Apple rocked the PC industry with news of its move from PowerPC-based CPUs to Intel. While the idea of Mactel has sparked mixed feelings among the Macintosh faithful, one industry watcher says the announcement could ultimately be a bad sign for Linux's fledgling move towards broader desktop adoption - especially among corporate PC users.
"Apple's operating system works very well and is known widely," says Gary Hein, an analyst with the Burton Group. "It has the same power of Unix underneath, and it can run Microsoft Office natively." Linux PC users must run Office alternatives, such as OpenOffice.org, or use third-party plug-in software that allow Windows apps to run on Linux.
The fact that a Macintosh PC might soon run on lower-cost Intel chips and commodity hardware could draw those considering Microsoft alternatives on the desktop to look more closely at Apple instead of Linux. However, Hein says, many companies that begin exploring migrations off of Windows PCs often don't follow through.

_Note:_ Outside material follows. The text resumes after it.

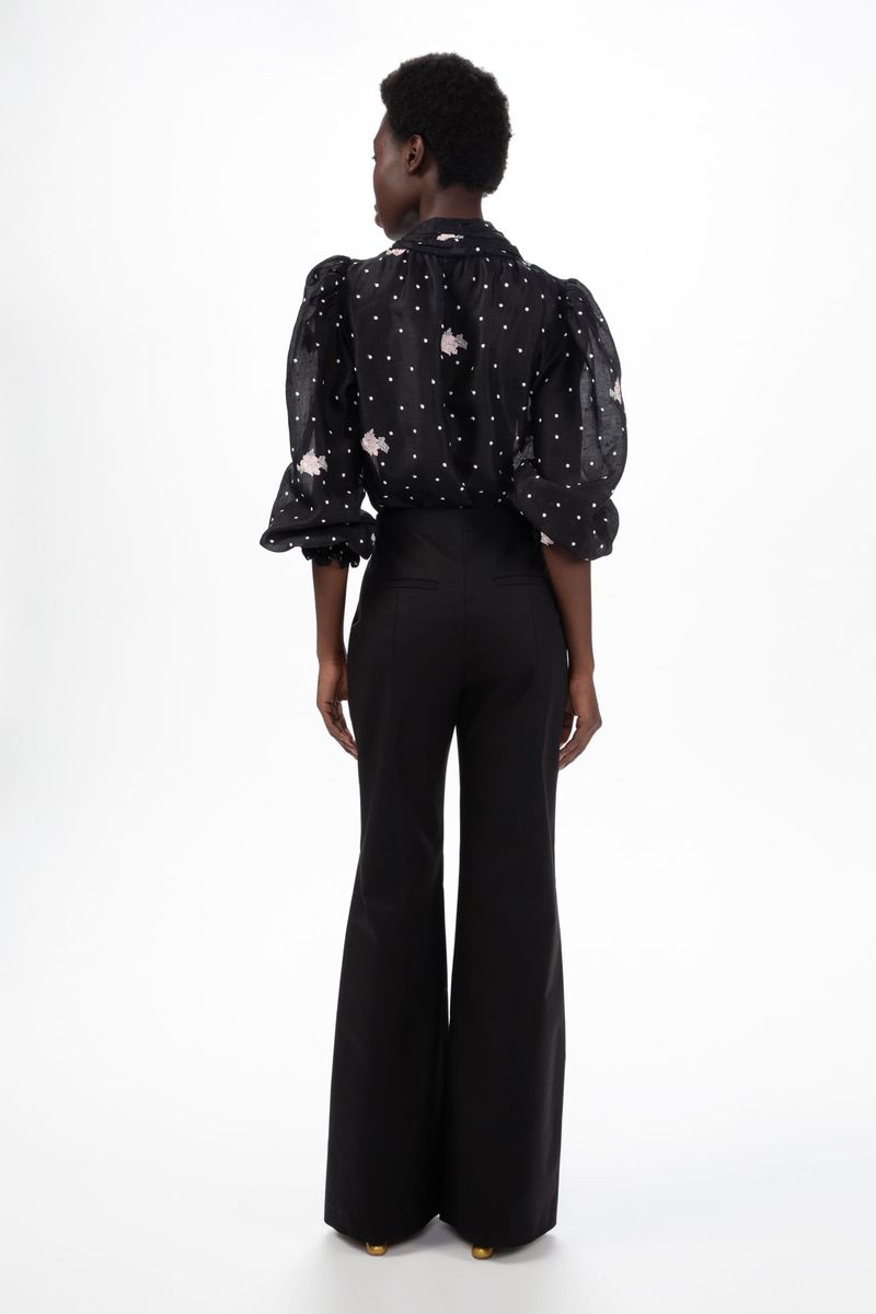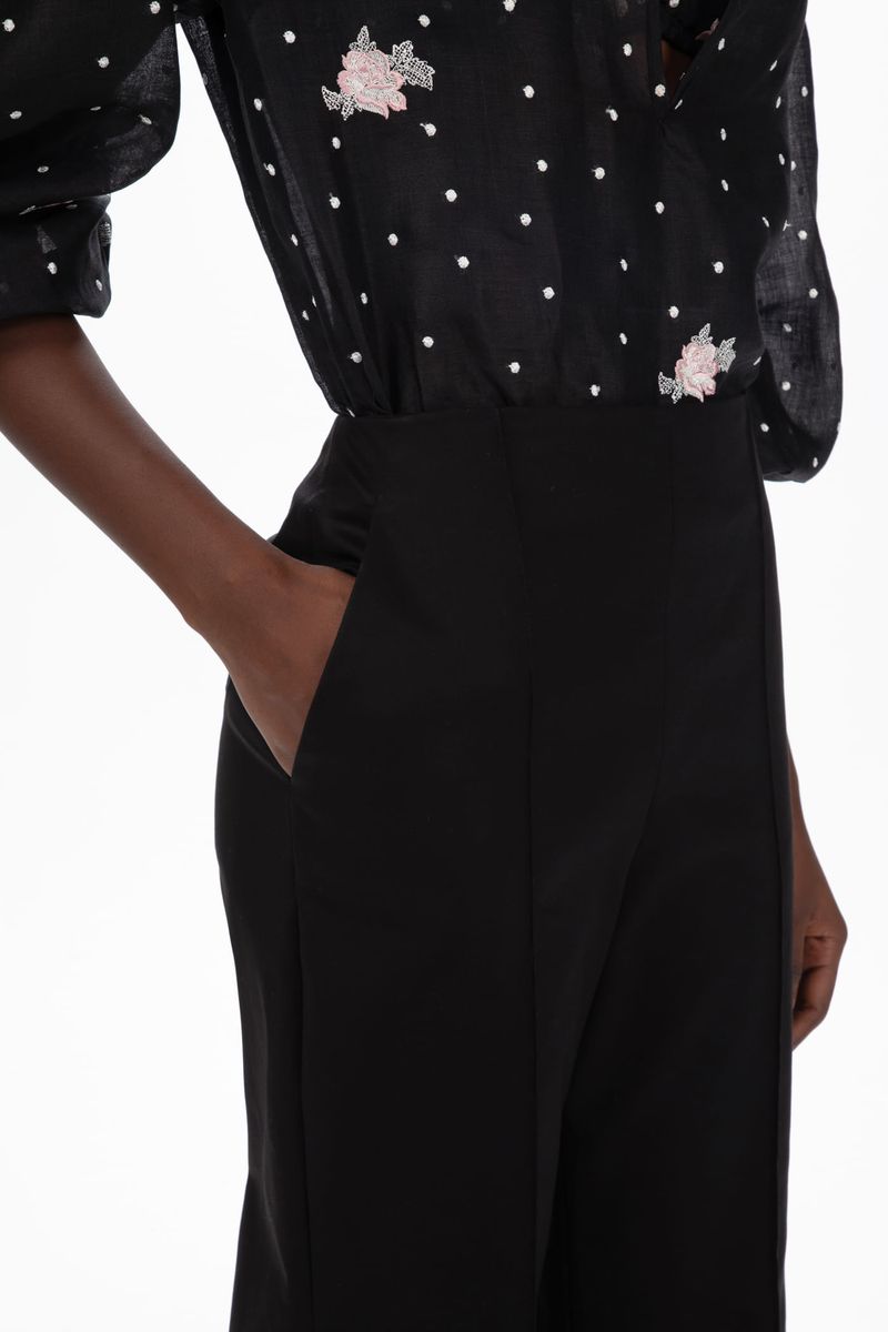 A calça Serpentina CRIS BARROS é um básico sofisticado. De Tripoli, nosso algodão encorpado, super confortável para uso diário. Possui modelagem flare, cintura alta, recortes, bolsos funcionais frontais e posteriores e nosso bordado "assinatura" nas costas.

"Everybody is investigating alternatives to Microsoft but no one's really moving. Some do in order to get more life out of old hardware. For others, it's a licensing, or it's based on anti-Microsoft emotions," Hein says.
Whether Apple's move to Intel will take away market share from Windows, or marginalize Linux on the desktop remains to be seen.
"It's hard to say one will hurt the other when neither [operating system] has much traction," on corporate desktops. "They're both kind of fighting for crumbs," Hein says.